In den Sozialen Medien rief der Protest geteilte Reaktionen hervor. Neben viel Unterstützung verwiesen zahlreiche, fast ausschließlich männliche Fans, auf die Verluste in Höhe von 40 Millionen Dollar, die die Liga im Jahr 2024 Medienberichten zufolge zu verzeichnen hatte. Der Tenor dieser Kommentare war: Die sollen froh sein, dass sie überhaupt bezahlt werden.
Das erste Angebot der Liga war ein Schlag ins Gesicht.

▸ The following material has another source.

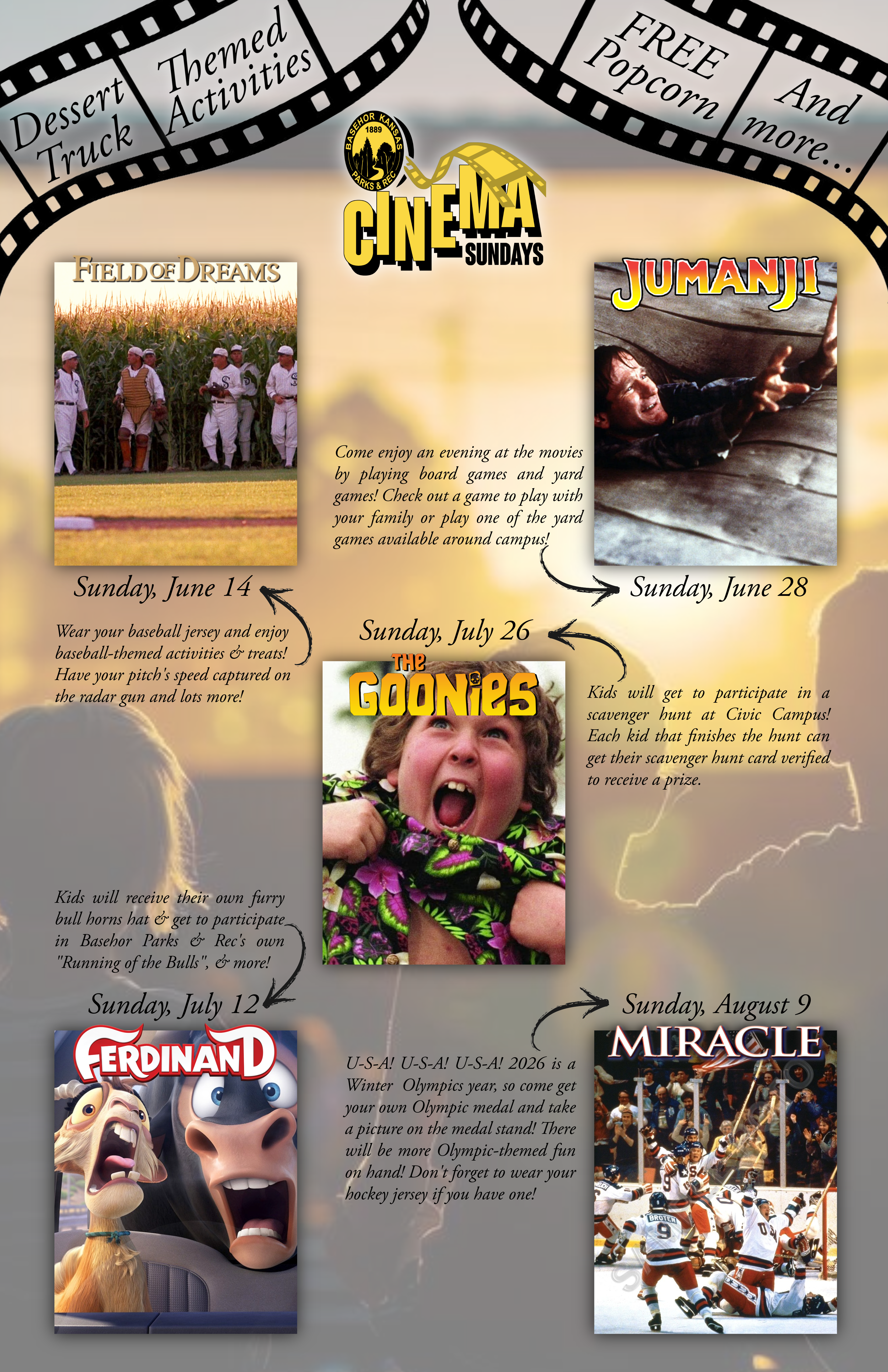 Basehor Parks and Recreation's 2026 Cinema Sundays schedule is here! Each night will include a dessert truck, as well as other goodies like free popcorn/snack. Look for the exciting movie themed mini-events before each showing! We have a lot of fun events planned leading up to showtime!
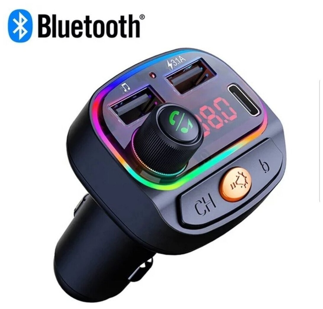 FM трансмиттер Bluetooth с RGB подсветкой / Модулятор автомобильный / Адаптер быстрой зарядки с 3 USB 3.1 A TDS-13

Satou Sabally, Deutschlands beste Basketballerin
Diese Rechnung greift aber zu kurz – sagt Claudia Goldin. Die US-amerikanische Wirtschaftsprofessorin erhielt 2023 den Nobelpreis für ihre Forschung zu geschlechterspezifischen Unterschieden auf dem Arbeitsmarkt und hat sich ein Jahr lang mit der Situation in der WNBA befasst.
„Basketball der Frauen ist in den letzten Jahren zu einem der beliebtesten Sportarten des Landes geworden“, schreibt Goldin in einem Gastbeitrag in der „New York Times“ und verweist auf Superstar Caitlin Clark sowie die Einschaltquoten, die beim Finale der Collegemeisterschaft höher waren als bei den Männern. „Dennoch verdienen die Spielerinnen in der WNBA deutlich weniger Geld als viele männliche Sportler in weniger populären Ligen - und nur einen Bruchteil dessen, war ein durchschnittlicher NBA-Spieler verdient. Es gibt nichts, was diese außerordentliche Gender Pay Gap rechtfertigen kann.“
Die Unterschiede zwischen den Basketball-Profiligen der Männer und Frauen sind enorm. In der NBA lag das Mindestgehalt 2024 bei 1,2 Millionen Dollar, im Schnitt verdiente ein Profi 10,3 Millionen Dollar. In der WNBA betrug das Durchschnittsgehalt hingegen nur 127.000 Dollar, eine Topspielerin wie Sabally verdient 215.000 Dollar. Ihre Nationalmannschaftskollegin Leonie Fiebich, die in der vergangenen Saison mit New York Liberty die Meisterschaft gewann, erhält 68.000 Dollar.
Betrachtet man die Durchschnittsgehälter, ergibt sich ein verheerendes Bild. Die Frauen verdienen 1,23 Prozent dessen, was ihre männlichen Kollegen bekommen. Oder anders: NBA-Basketballer verdienen rund 80 Mal so viel wie WNBA-Basketballerinnen.
Wir fordern keine gleiche Bezahlung wie die Männer ein. Wir fordern, dass derselbe Prozentsatz der Einnahmen wie bei den Männern an uns ausgeschüttet wird.
Kelsey Plum
„Wir fordern keine gleiche Bezahlung wie die Männer ein“, sagte Kelsey Plum von den Los Angeles Sparks schon 2022. „Wir fordern, dass derselbe Prozentsatz der Einnahmen wie bei den Männern an uns ausgeschüttet wird.“ Doch selbst davon ist die WNBA laut Goldin weit entfernt.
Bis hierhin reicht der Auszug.